I prefer a camera I can have on a wrist strap and hold in the palm of my hand.

In my experiences of the last few years, I would categorise the cameras I’ve used into four sizes.

Palm – A camera you can virtually hide it in your hand, like the Canon Digital IXUS 870 IS or Sony Cyber-shot DSC-L1.

Jacket pocket – The typical size of your average digital compact, still very small and light compared to a DSLR, but not tiny enough to secrete in your hand or a trouser pocket. For example the Ricoh GRD III, Pentax Q or Panasonic Lumix LX3.

Wrist strap – These cameras are too big for most jacket pockets, but still compact enough to have on a wrist strap and in one hand. Many mirrorless cameras are of this size, like the Panasonic Lumix GF1.

Everything larger – Even a small DSLR is a bit cumbersome on just a wrist strap, and generally these bodies are more comfortable with a strap across your chest or out back in a bag between shoots.

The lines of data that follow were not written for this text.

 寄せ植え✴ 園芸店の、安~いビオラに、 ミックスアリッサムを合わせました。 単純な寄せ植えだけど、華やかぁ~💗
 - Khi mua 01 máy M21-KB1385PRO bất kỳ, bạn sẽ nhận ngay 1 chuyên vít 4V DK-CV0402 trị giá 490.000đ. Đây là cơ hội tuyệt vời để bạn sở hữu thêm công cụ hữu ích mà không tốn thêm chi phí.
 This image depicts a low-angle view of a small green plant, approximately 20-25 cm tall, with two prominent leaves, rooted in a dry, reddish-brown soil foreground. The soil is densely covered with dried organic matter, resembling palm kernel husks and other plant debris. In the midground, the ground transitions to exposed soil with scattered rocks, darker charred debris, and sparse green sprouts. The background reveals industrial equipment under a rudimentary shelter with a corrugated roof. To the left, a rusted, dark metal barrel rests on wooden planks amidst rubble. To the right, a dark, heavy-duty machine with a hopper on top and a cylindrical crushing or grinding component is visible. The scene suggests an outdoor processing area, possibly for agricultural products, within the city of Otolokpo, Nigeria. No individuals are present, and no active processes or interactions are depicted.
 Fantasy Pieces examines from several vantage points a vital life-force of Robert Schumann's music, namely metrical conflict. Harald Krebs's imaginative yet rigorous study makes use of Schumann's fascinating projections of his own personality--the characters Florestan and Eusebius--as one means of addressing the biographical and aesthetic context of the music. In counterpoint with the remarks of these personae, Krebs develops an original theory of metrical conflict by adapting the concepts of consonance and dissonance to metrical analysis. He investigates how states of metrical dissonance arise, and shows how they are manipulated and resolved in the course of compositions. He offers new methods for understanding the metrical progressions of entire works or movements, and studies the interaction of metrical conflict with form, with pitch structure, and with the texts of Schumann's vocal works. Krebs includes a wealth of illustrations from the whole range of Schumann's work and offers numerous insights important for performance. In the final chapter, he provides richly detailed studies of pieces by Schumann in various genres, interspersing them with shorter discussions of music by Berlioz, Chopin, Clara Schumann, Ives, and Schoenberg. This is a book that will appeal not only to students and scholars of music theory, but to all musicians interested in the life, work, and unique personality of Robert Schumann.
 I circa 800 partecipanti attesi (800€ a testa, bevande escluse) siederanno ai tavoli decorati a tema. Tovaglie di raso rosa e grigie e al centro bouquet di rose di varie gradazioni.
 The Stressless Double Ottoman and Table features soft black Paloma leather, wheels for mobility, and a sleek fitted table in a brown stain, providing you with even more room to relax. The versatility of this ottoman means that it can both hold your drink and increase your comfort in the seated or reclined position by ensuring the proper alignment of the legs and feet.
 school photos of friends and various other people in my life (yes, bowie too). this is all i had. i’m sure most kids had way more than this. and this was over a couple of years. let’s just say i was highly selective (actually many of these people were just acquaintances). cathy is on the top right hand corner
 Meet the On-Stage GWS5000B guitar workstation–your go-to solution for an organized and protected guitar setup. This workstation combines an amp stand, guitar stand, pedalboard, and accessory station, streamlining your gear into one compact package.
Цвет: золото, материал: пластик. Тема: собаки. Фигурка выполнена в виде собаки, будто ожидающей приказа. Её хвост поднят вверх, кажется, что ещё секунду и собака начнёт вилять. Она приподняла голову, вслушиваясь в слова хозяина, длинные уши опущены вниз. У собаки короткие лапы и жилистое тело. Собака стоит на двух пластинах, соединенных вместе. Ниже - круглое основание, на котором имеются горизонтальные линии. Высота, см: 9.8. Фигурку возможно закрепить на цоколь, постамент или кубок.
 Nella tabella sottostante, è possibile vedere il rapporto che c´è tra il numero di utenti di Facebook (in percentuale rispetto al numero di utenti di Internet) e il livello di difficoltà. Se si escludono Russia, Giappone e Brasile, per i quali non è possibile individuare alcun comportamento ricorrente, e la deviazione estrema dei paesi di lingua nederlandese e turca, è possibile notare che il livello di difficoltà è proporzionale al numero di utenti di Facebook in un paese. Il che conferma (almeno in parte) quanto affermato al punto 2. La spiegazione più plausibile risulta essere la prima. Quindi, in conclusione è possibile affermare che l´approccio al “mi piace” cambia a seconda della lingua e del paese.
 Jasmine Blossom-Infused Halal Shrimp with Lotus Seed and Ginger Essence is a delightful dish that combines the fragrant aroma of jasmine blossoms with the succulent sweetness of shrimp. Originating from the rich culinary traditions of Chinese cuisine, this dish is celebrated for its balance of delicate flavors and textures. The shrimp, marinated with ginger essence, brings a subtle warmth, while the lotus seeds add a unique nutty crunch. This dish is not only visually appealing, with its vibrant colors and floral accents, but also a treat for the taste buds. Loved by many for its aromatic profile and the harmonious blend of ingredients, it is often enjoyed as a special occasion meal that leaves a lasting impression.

On the whole, it follows too that the larger the camera, the heavier it is.

But in favouring small, light cameras, there is a limit, an optimum.

I haven’t simply gone for the smallest and lightest possible cameras available. For the same reason I’ve tried on a few occasions to rely only on a phone as my main camera, and quickly remembered it’s not going to work.

This is all about how the camera feels in your hand(s).

You can have a tiny camera, but the handling is so awkward, and space and grip for your fingers so lacking, it can be more challenging – and more annoying – to use than a far bigger camera with excellent ergonomics.

A surprisingly significant factor I’ve also found is the screen, and its size and position on the back of the camera.

Having a larger screen obviously means you can see your compositions better, and make better judgements on the hoof about exposure, focus, depth of field and so on.

But again, if the screen takes up so much of the rear that your thumb has nowhere to rest firmly, and/or the buttons have been made so minute to accommodate the larger screen you can’t operate them easily, it’s a major downside for me.

So in assessing the size of my ideal camera, whilst there might be general rules, there is no single magic formula. 

The Sony Cyber-shot DSC-L1 on paper is too small to be comfortable to use – just 95mm long, 44mm high and 26mm deep.

But details like the 1.5 inch screen being small enough to get out of the way (but big and sharp enough to still compose ok), the ample space for your thumb on the rear, the clever position of the angled wrist strap lug and raised metal texture to aid grip even more, the lens being positioned on the far left of the front of the camera so your fingers have plenty of space to close around, and the curved front face following the shape of your partly closed grip, all add up to a camera with brilliant handling.

Something like the A series Canon PowerShots (eg the A95) are much chunkier than the diminutive Sony and into jacket pocket territory. But again, excellent handling – even one handed – and intelligent design and layout, make it a winner.

Clockwise from top left – Canon PowerShot A95, Canon Digital IXUS 870 IS, Sony Cyber-shot DSC-L1. The names of these cameras are often bigger than they are…

How about you? How big is your favourite camera, and what makes its size so ideal for you?